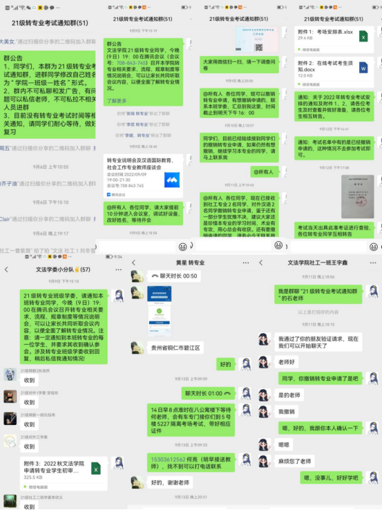 图:建立21级转专业通知群,一对一答疑解惑、服务全程
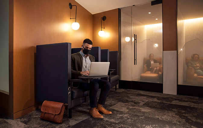 • Many of WestJet’s enhanced health and safety measures have been implemented in the lounge as part of its Safety Above All program, including: contactless self-serve entry; mandatory face masks (except when eating and drinking); plexiglass shields at high-interaction areas; and electrostatic spraying
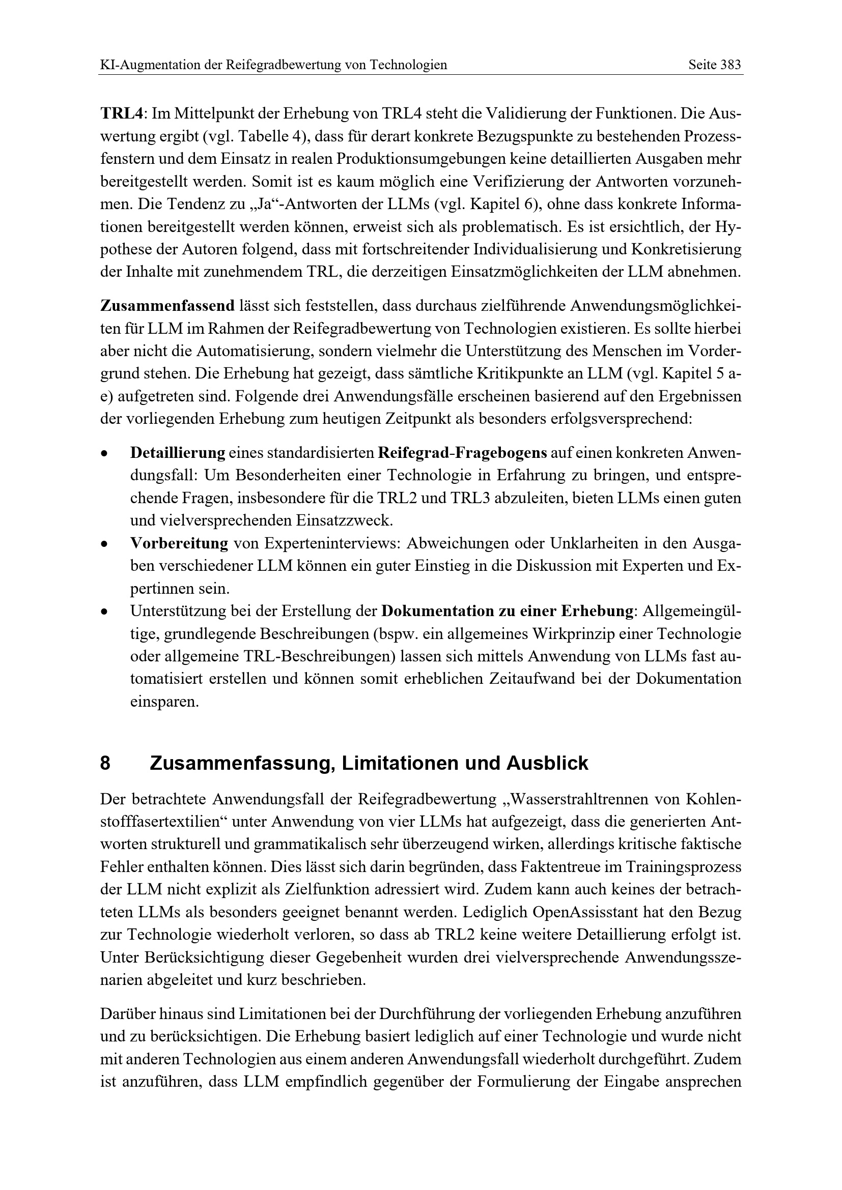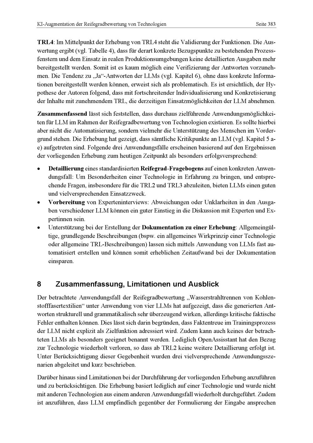 8 Zusammenfassung, Limitationen und Ausblick
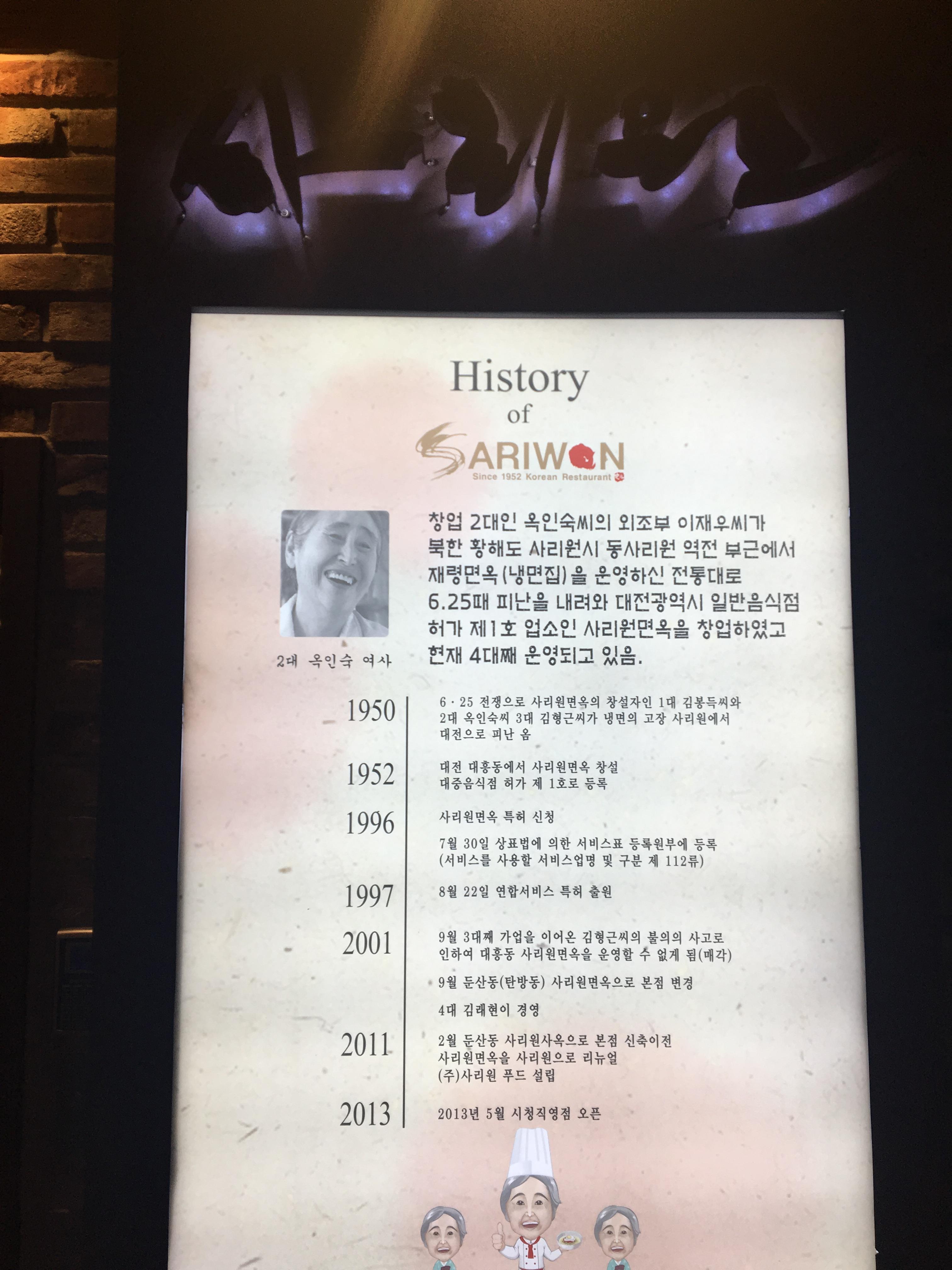 1950년에 625로 인해 사리원에서 대전으로 피난온 후 52년도에 대흥동에서 사리원면옥을 창설했는데, 대중음식점 허가 제1호였다고 합니다.
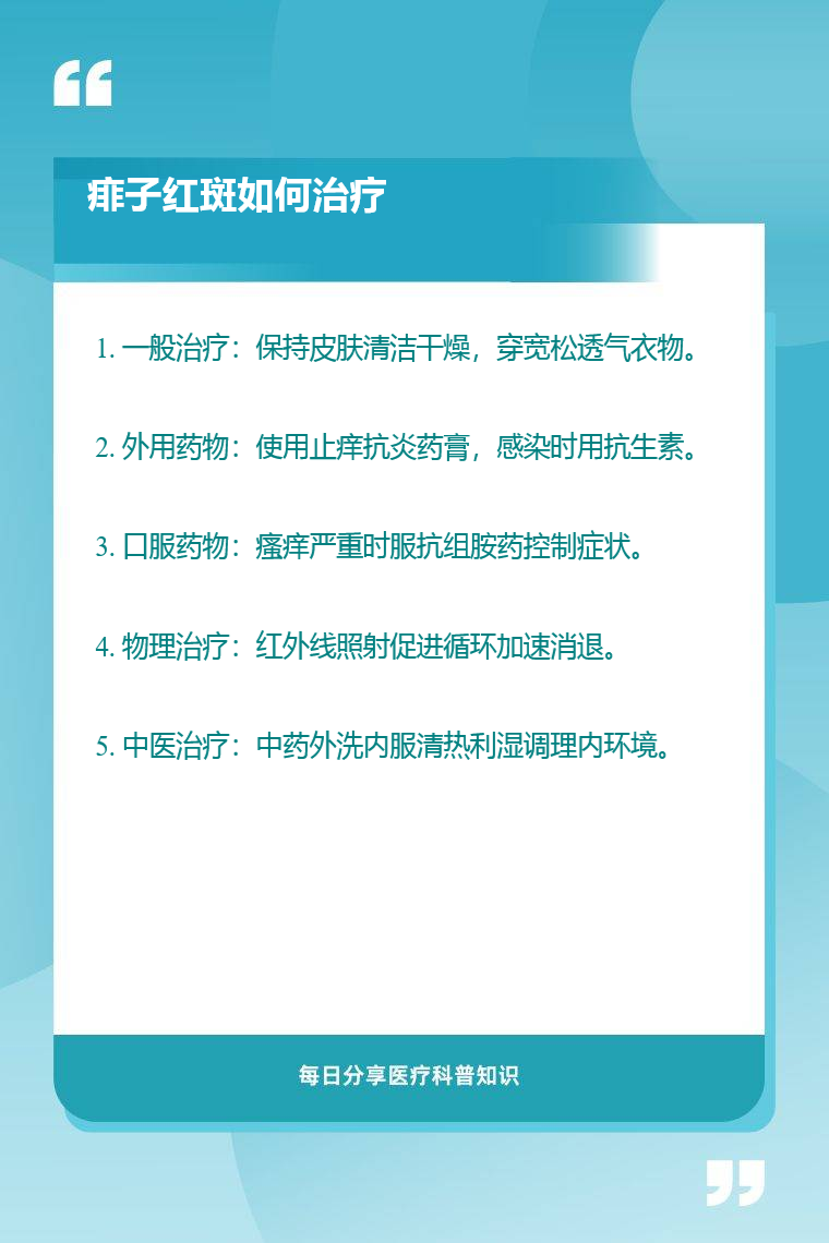 1. 一般治疗:保持皮肤清洁干燥,用温水清洗患处,避免用热水和刺激性强的肥皂。穿宽松、透气的棉质衣物,利于汗液蒸发。降低环境温度和湿度,可使用空调等调节,减少出汗。避免搔抓,防止皮肤破损引发感染。
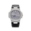 The Patek Philippe Nautilus 5712G-001 is designed in a 40mm 18k white gold case, styled on a leather strap. The slate gray dial hosts three sub-dials: a power reserve indicator, seconds hand, and Moon Phase timekeeping capabilities. A subtle and simple sports watch with high-end complications.
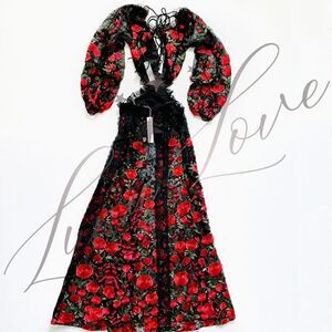 FOR LOVE & LEMONS Araceli Maxi Dress In Red Embroidered Floral NWT

=====

Task item: Every line of the material is to be quoted exactly, with no pictures carried over.

Result for this task:
 图:建立21级转专业通知群,一对一答疑解惑、服务全程
 • Many of WestJet’s enhanced health and safety measures have been implemented in the lounge as part of its Safety Above All program, including: contactless self-serve entry; mandatory face masks (except when eating and drinking); plexiglass shields at high-interaction areas; and electrostatic spraying
 8 Zusammenfassung, Limitationen und Ausblick
 1950년에 625로 인해 사리원에서 대전으로 피난온 후 52년도에 대흥동에서 사리원면옥을 창설했는데, 대중음식점 허가 제1호였다고 합니다.
 1. 一般治疗:保持皮肤清洁干燥,用温水清洗患处,避免用热水和刺激性强的肥皂。穿宽松、透气的棉质衣物,利于汗液蒸发。降低环境温度和湿度,可使用空调等调节,减少出汗。避免搔抓,防止皮肤破损引发感染。
 The Patek Philippe Nautilus 5712G-001 is designed in a 40mm 18k white gold case, styled on a leather strap. The slate gray dial hosts three sub-dials: a power reserve indicator, seconds hand, and Moon Phase timekeeping capabilities. A subtle and simple sports watch with high-end complications.
 FOR LOVE & LEMONS Araceli Maxi Dress In Red Embroidered Floral NWT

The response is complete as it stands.